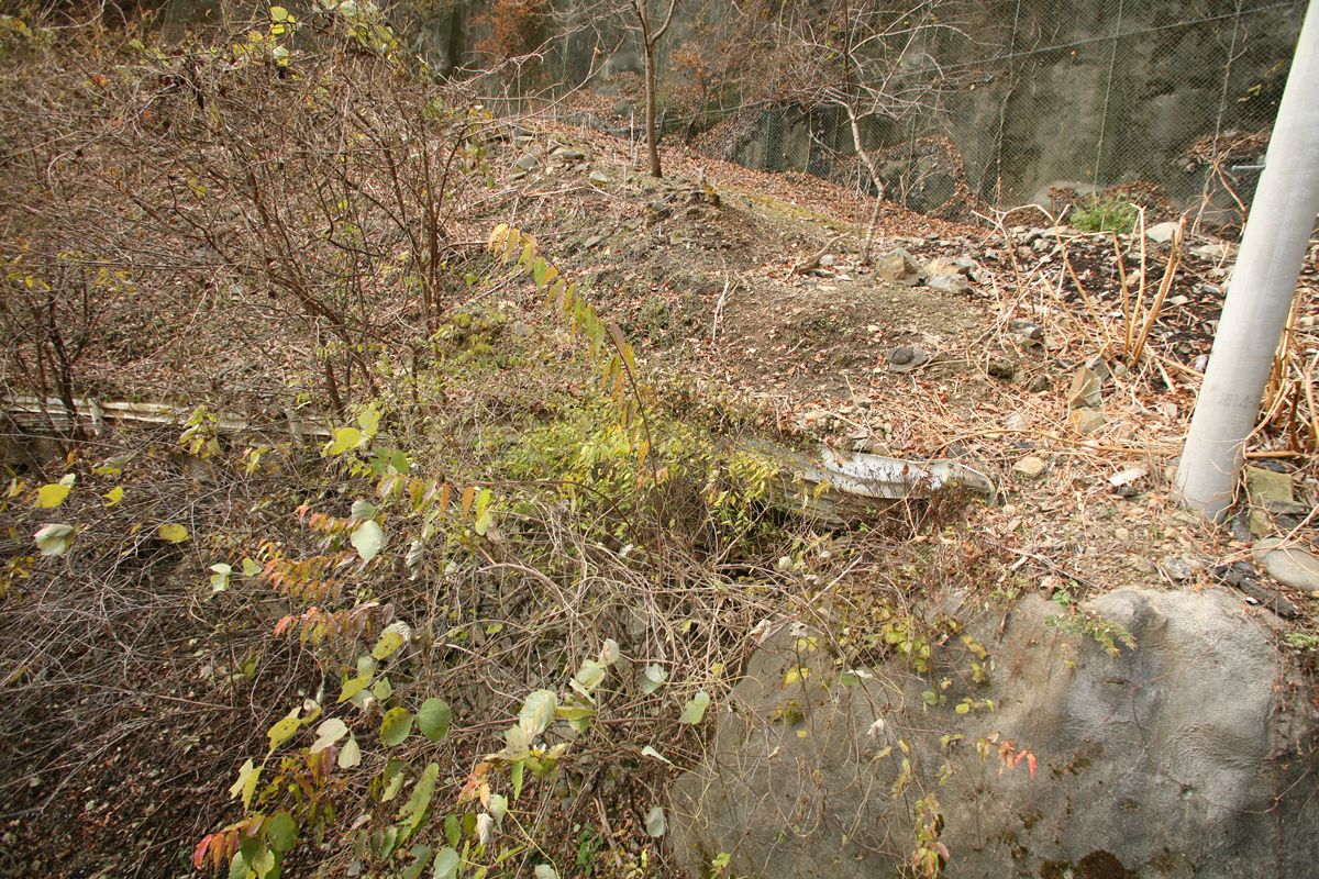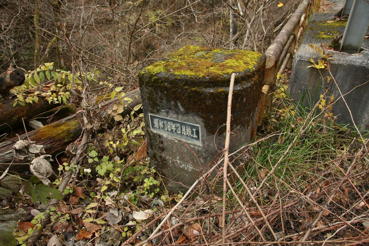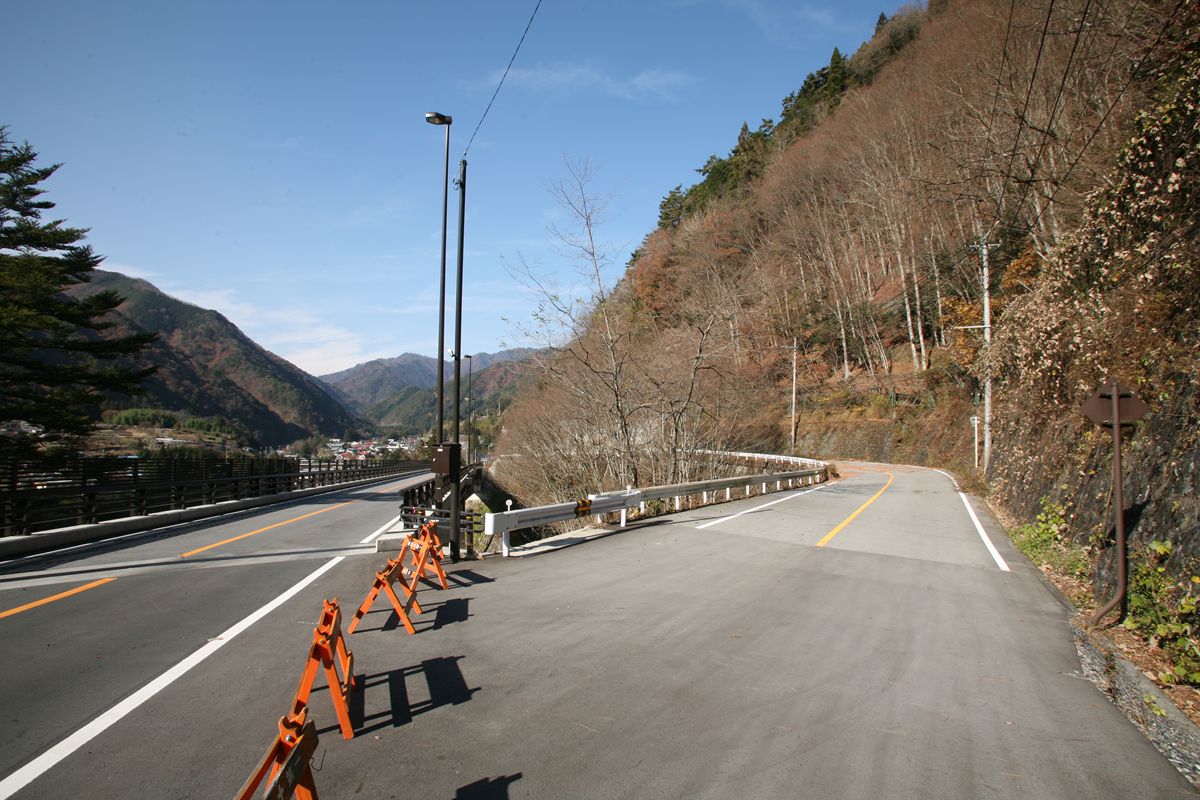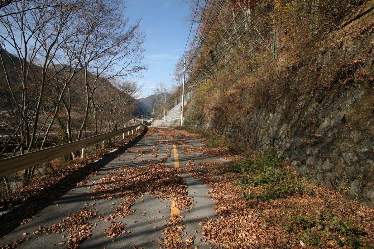 ここに書いた数字は、条件も複雑だし、絶対値をすべて鵜呑みにされるとまずいと思う。東京→京阪神が年間863万人、1日2万3000人くらいにしかならない。私が知っている数値(年間3500万人、ただし往復)の半分だ。でも、相対的な数値の比率としては、ひとつの目安にはなるだろう。 こんな数字遊びよりも、国交省がこういうデータを持っているよ、ということをもっと広く知っていただければ幸いである。 専門家の方々で、もっときちんとした分析をお持ちの方もいらっしゃると思うので、ぜひご教示いただきたく思います。メールはめんどうなのでtwitterにてぜひ。 旧橋は、ご覧のように突き当たりに土砂が積まれ、通り抜けができなくなっている。 廃道を土砂捨て場にする例はときどき見かけるが、たいていは隧道を使っている。プレートガーダーなど、撤去して屑鉄にして売ればかなりの金額になるだろうに。なぜ放置してあるのだろうか。撤去費用も含めると元が取れない、というのも容易に想像はつくけれど。 すこし西に行くと、その続きの高さにまた改良跡があった。 |
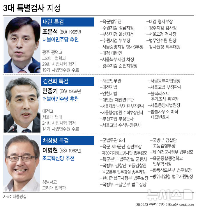 [서울=뉴시스] 이재명 대통령은 12일 '3대 특검(내란·김건희·채상병특검법)'에 따른 특별검사로 조은석 전 감사원장 권한대행과 민중기 전 서울중앙지방법원장, 이명현 전 국방부 검찰단 고등검찰부장을 지명했다. 민주당이 추천한 조 권한대행이 내란 특검, 민 전 법원장이 김건희 특검에 각각 지명됐고, 채상병 특검에는 조국혁신당이 추천한 이 전 부장이 지명됐다.(그래픽=전진우 기자) 618tue@newsis.com |
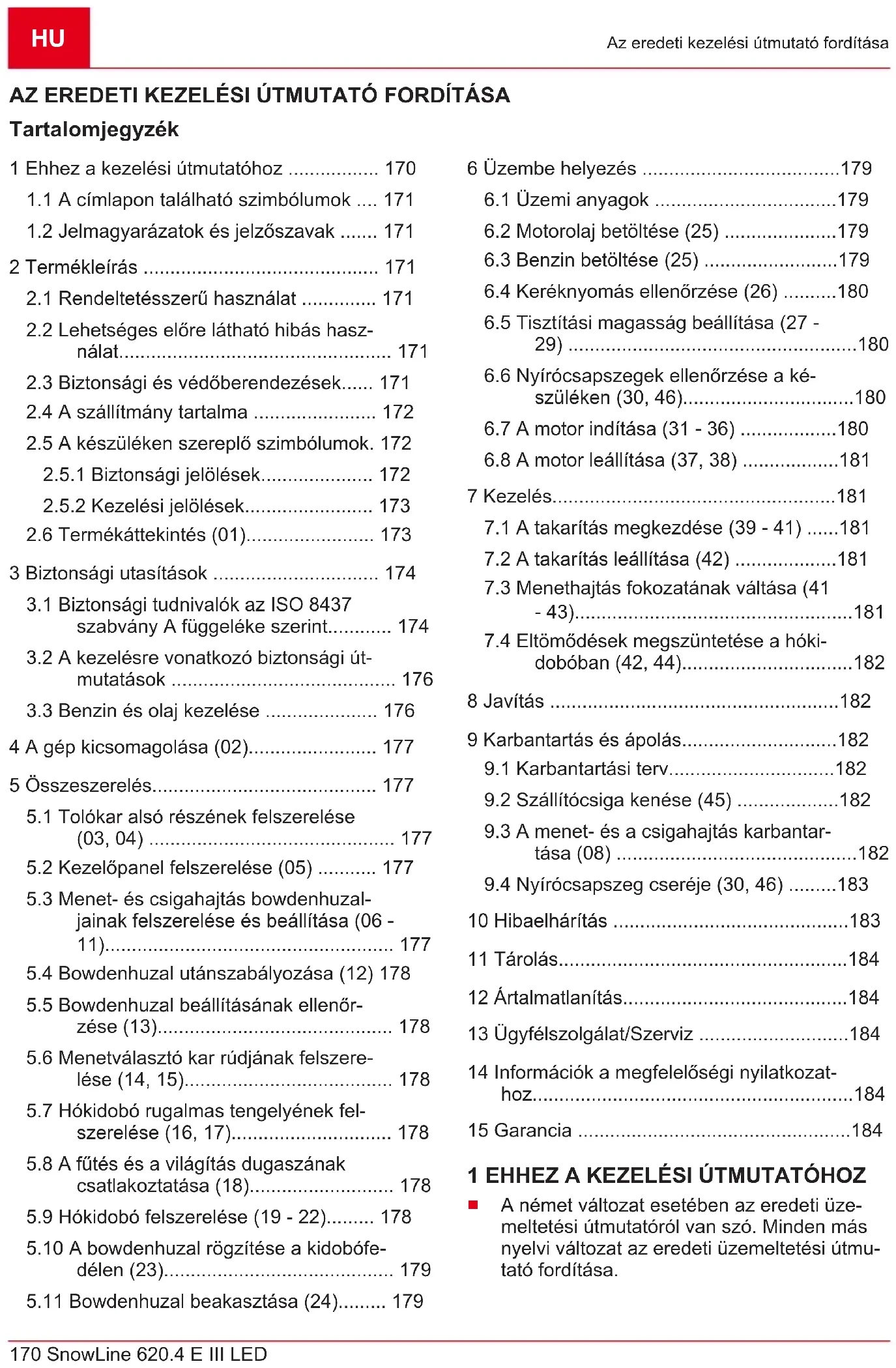 A termék-összefoglaló (01) áttekintést ad a ké- szülékről. Sz. Alkatrész 1 Fűthető fogantyúk 2 Kuplungkioldó a csigahajtáshoz 3 Kuplungkioldó a menethajtáshoz 4 Kézi hajtókar a kidobási irány átállításá- hoz 5 Kar a kidobómagasság vezérléséhez 6 Menetválasztó kar, 6 előre- és 2 hátramenet 7 Fogantyúfűtés kapcsolója 8 Tartalék nyírócsapszeg 9 Terelőlemez a hókidobón a kidobóma- gasság beállításához 10 Hókidobó benyúlásgátlóval 11 Világítás 12 Tanksapka 13 Olajbetöltő fedele 14 Pajzs 15 Tisztítószerszám (a pajzsra felszerelve) 16 Kidobókerék 17 Szállítócsiga 18 Tisztítólemez 19 Állítható magasságú csúszótalp 20 A gyújtógyertya csatlakozófejeHU 174 SnowLine 620.4 E III LED Biztonsági utasítások
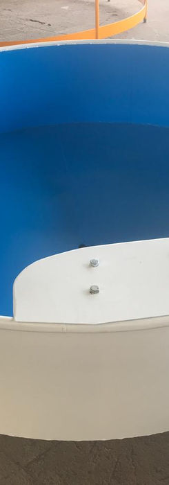 Reservatório redondo de aço, fácil de mover e sem necessidade de instalações fixas.
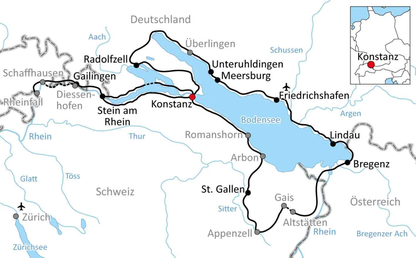 On our Great Lake Constance Cycling Holiday, you will experience one of Europe's most popular vacation regions in 12 eventful days. The Council City of Constance is your starting point and destination. Get to know the largest city on the lake, the flower island of Mainau and the island of Reichenau. A cycling vacation on Lake Constance provides you with an almost gradient-free cycling experience, ideal for inexperienced cyclists. Let yourself drift along around 350 kilometers. You will encounter varied landscapes and the maritime flair of large and small towns on Lake Constance – without any time pressure. Take a leisurely boat trip to the Rhine Falls rock, visit the Zeppelin Museum in Friedrichshafen and float up to the Pfänder. Don't worry about leaving your bike behind in between. It's worth it. The many sights around Lake Constance are even easier to explore on foot. The finest lake wines, crunchy apples and tasty whitefish round off your cycling vacation on Lake Constance with culinary delights.

+===+

Each line from the one with "Reservatório redondo de" to the end of the material needs to be output word for word, with no picture included.

 Reservatório redondo de aço, fácil de mover e sem necessidade de instalações fixas.
 On our Great Lake Constance Cycling Holiday, you will experience one of Europe's most popular vacation regions in 12 eventful days. The Council City of Constance is your starting point and destination. Get to know the largest city on the lake, the flower island of Mainau and the island of Reichenau. A cycling vacation on Lake Constance provides you with an almost gradient-free cycling experience, ideal for inexperienced cyclists. Let yourself drift along around 350 kilometers. You will encounter varied landscapes and the maritime flair of large and small towns on Lake Constance – without any time pressure. Take a leisurely boat trip to the Rhine Falls rock, visit the Zeppelin Museum in Friedrichshafen and float up to the Pfänder. Don't worry about leaving your bike behind in between. It's worth it. The many sights around Lake Constance are even easier to explore on foot. The finest lake wines, crunchy apples and tasty whitefish round off your cycling vacation on Lake Constance with culinary delights.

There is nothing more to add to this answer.